The victim's mother, Janet Lamers Moore, said she has been waiting 21 months for the issue to be resolved.
"My first reaction: it wasn't enough," Lamers Moore told CBC News on Wednesday.
"But in the grand scheme of things nothing will bring my daughter back. Do I want this person to be punished? That's not my job. My job as a mother was to make sure that this was brought before the courts, that there were charges laid."
Overall, she said, "it is healing. It has allowed me to keep moving forward, keep bringing awareness so that this does not happen again."
To that end, Lamers Moore has been working with Toronto Coun. Ana Bailao to establish better standards for landlords and their rental properties.

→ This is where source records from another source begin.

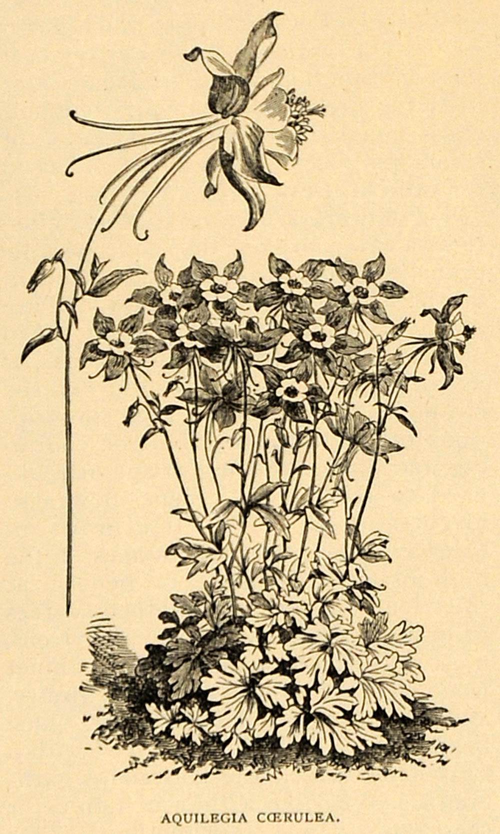 This is an original 1892 halftone print of the Aquilegia Caerulea flowers, native to the Rocky Mountains. Most of these are called Colorado Blue Columbine or Rocky Mountain Columbine.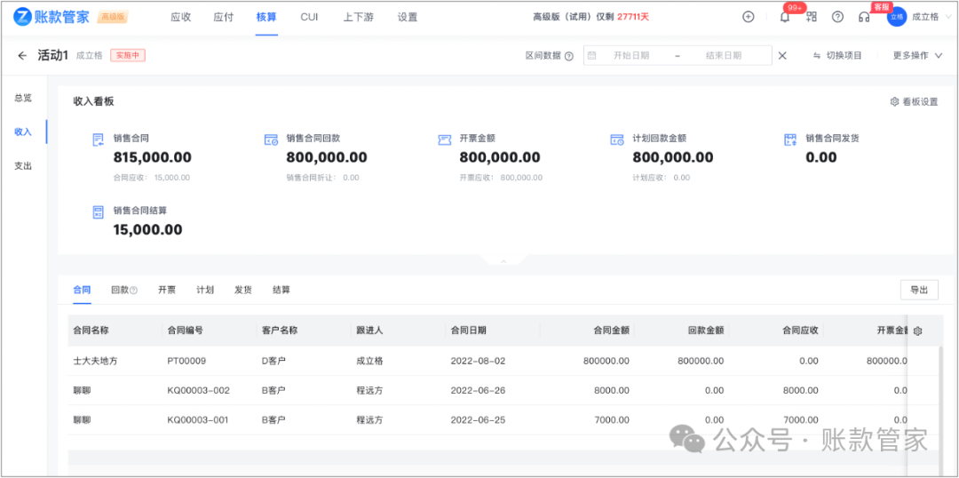 (2)收入板块:收入看板、项目收入所有相关的合同、回款、发票、计划、发货、结算等所有数据列表,并可穿透到原始数据及审批流程。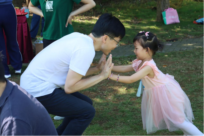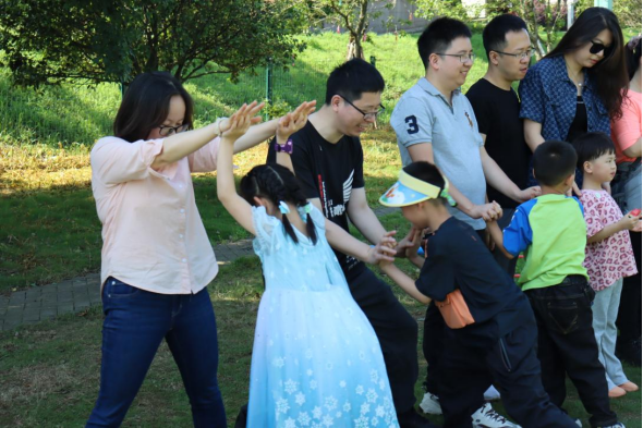 随后,我们进行了“十秒围成圈”游戏,家长和孩子们需要在极短的时间内迅速围成一个大圆圈。这个游戏不仅考验了大家的反应速度,也展现了亲子间的默契配合。紧接着,“桃花桃花朵朵开”游戏让现场的气氛达到了高潮,家长和孩子们手牵手,围成一个大圈,随着音乐的节奏转动,当听到“桃花开几朵”的指令时,迅速组成相应人数的小组,大家玩得不亦乐乎。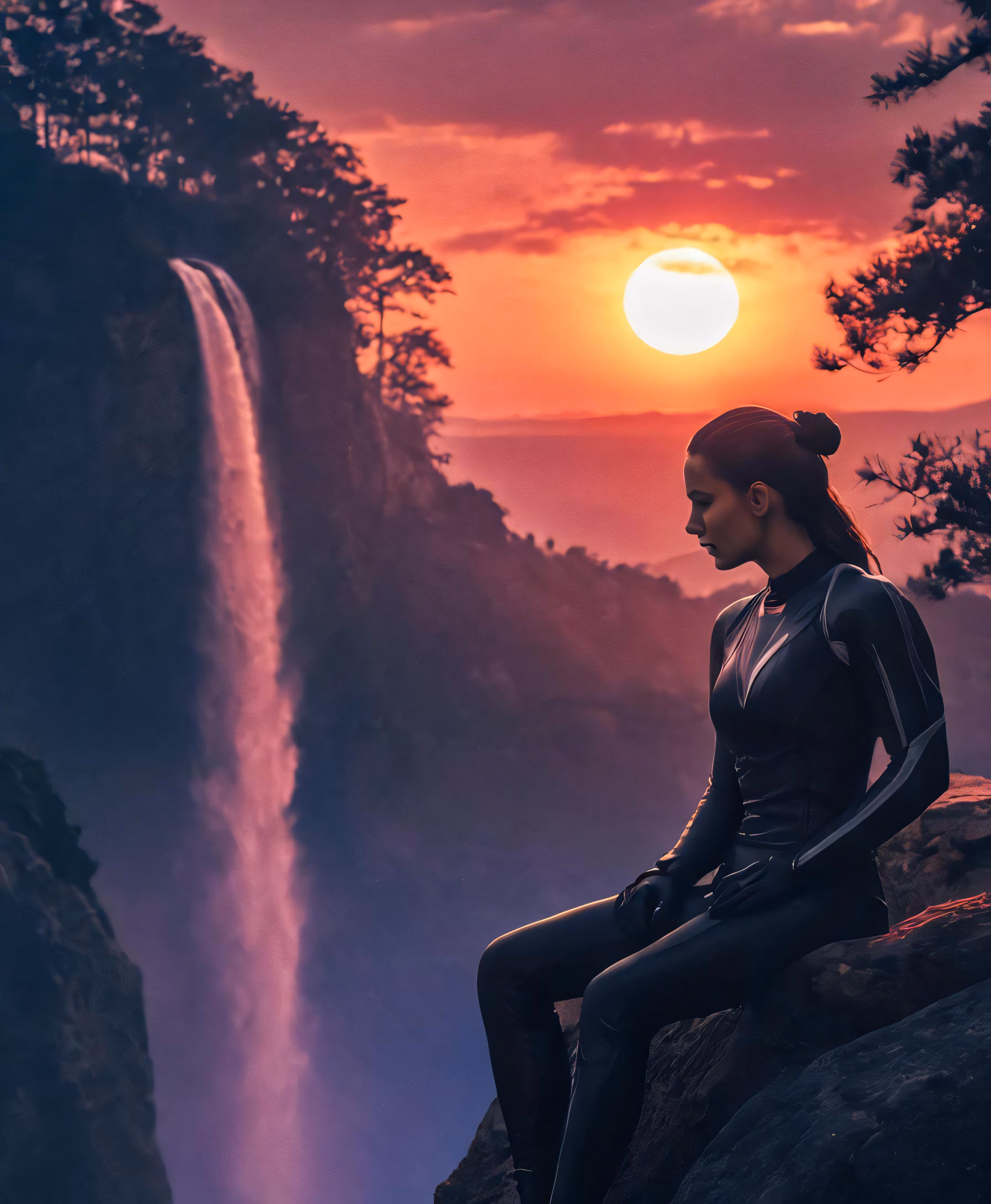 High resolution picture, free to use, woman on a cliff overlooks a large waterfall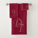 Monogrammed - burgundy colour bath towel set Easily personalize it now with the letters of your choice . This colour is a dark red with a purple tint ( rgb 800020 ) .

They hope the city will establish a registry for landlords, so tenants can look up a rental unit they hope to lease to ensure it is a legal unit that meets all fire code regulations and has adequate insurance.
"There are thousands of people across the GTA who are living in illegal and unregulated basement apartments," Lamers Moore said.
She was concerned about the apartment and told her daughter so. However, she let the 23-year-old make her own decision about where to live.
"I wish I would have done more," Lamers Moore said. "I said everything to her that I did not think it was safe."
But her daughter felt that because she had a proper lease, that it was a legal apartment, she said.
"It's just a shame that a person looked my daughter in the eye and rented this place knowing that there were all these other fire codes in this house," Lamers Moore said.
"Not only was he jeopardizing my daughter, he was jeopardizing the other 20-something-year-olds in this place."
Toronto council's standards committee is expected to discuss the landlord registry issue at a meeting this fall.